DATA SHOWN:
□ □ □

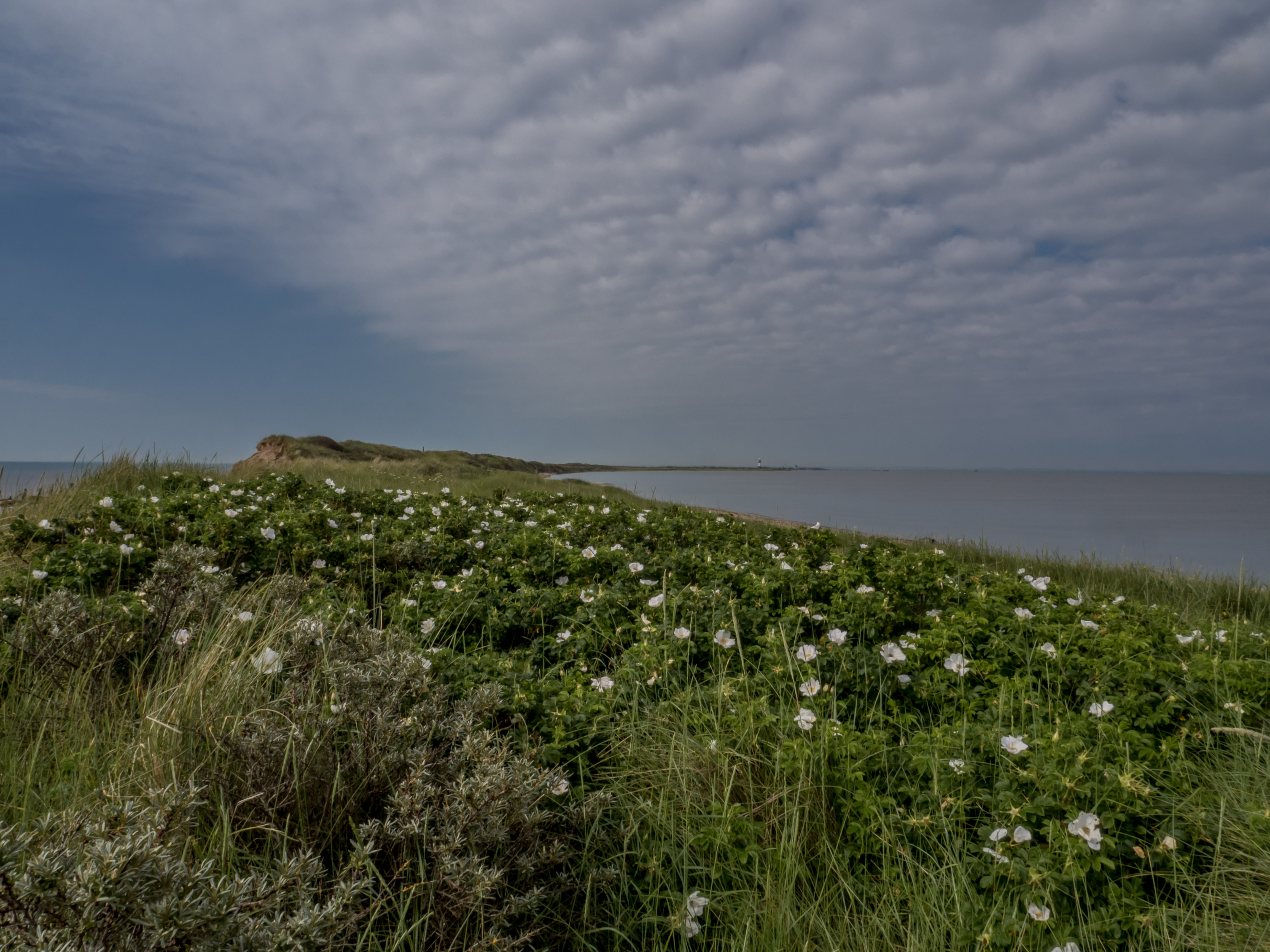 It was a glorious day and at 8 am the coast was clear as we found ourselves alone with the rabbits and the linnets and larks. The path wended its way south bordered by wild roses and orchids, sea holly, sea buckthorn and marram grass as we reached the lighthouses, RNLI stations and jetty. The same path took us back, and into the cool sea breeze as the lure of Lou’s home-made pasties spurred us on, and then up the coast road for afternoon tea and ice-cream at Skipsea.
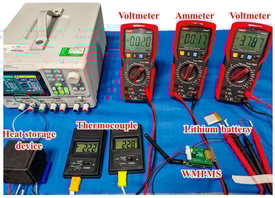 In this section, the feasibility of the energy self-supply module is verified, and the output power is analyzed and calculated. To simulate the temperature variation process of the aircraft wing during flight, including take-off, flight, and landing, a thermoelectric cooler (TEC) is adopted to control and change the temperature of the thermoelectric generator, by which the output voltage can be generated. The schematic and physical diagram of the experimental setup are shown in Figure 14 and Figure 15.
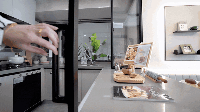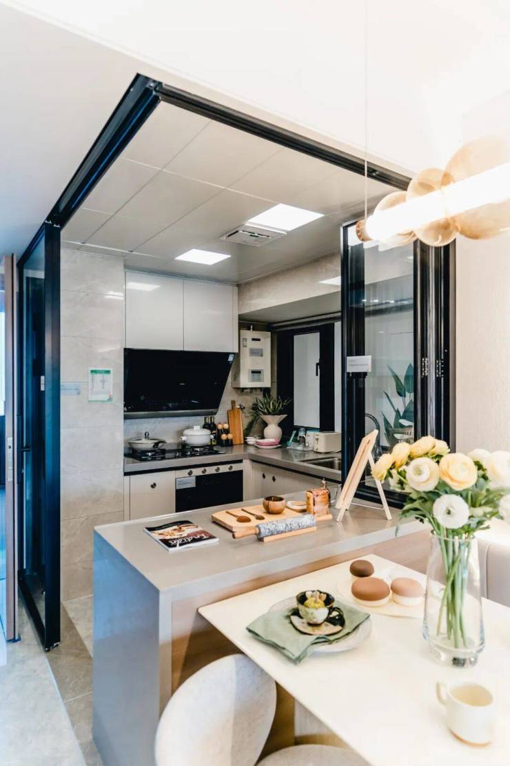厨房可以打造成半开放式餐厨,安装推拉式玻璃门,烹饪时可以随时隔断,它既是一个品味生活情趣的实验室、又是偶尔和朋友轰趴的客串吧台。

□ □ □

WHAT YOU HAVE TO DO: Set down all the lines above exactly as they appear, with no pictures.

SOLUTION:
 It was a glorious day and at 8 am the coast was clear as we found ourselves alone with the rabbits and the linnets and larks. The path wended its way south bordered by wild roses and orchids, sea holly, sea buckthorn and marram grass as we reached the lighthouses, RNLI stations and jetty. The same path took us back, and into the cool sea breeze as the lure of Lou’s home-made pasties spurred us on, and then up the coast road for afternoon tea and ice-cream at Skipsea.
 In this section, the feasibility of the energy self-supply module is verified, and the output power is analyzed and calculated. To simulate the temperature variation process of the aircraft wing during flight, including take-off, flight, and landing, a thermoelectric cooler (TEC) is adopted to control and change the temperature of the thermoelectric generator, by which the output voltage can be generated. The schematic and physical diagram of the experimental setup are shown in Figure 14 and Figure 15.
厨房可以打造成半开放式餐厨,安装推拉式玻璃门,烹饪时可以随时隔断,它既是一个品味生活情趣的实验室、又是偶尔和朋友轰趴的客串吧台。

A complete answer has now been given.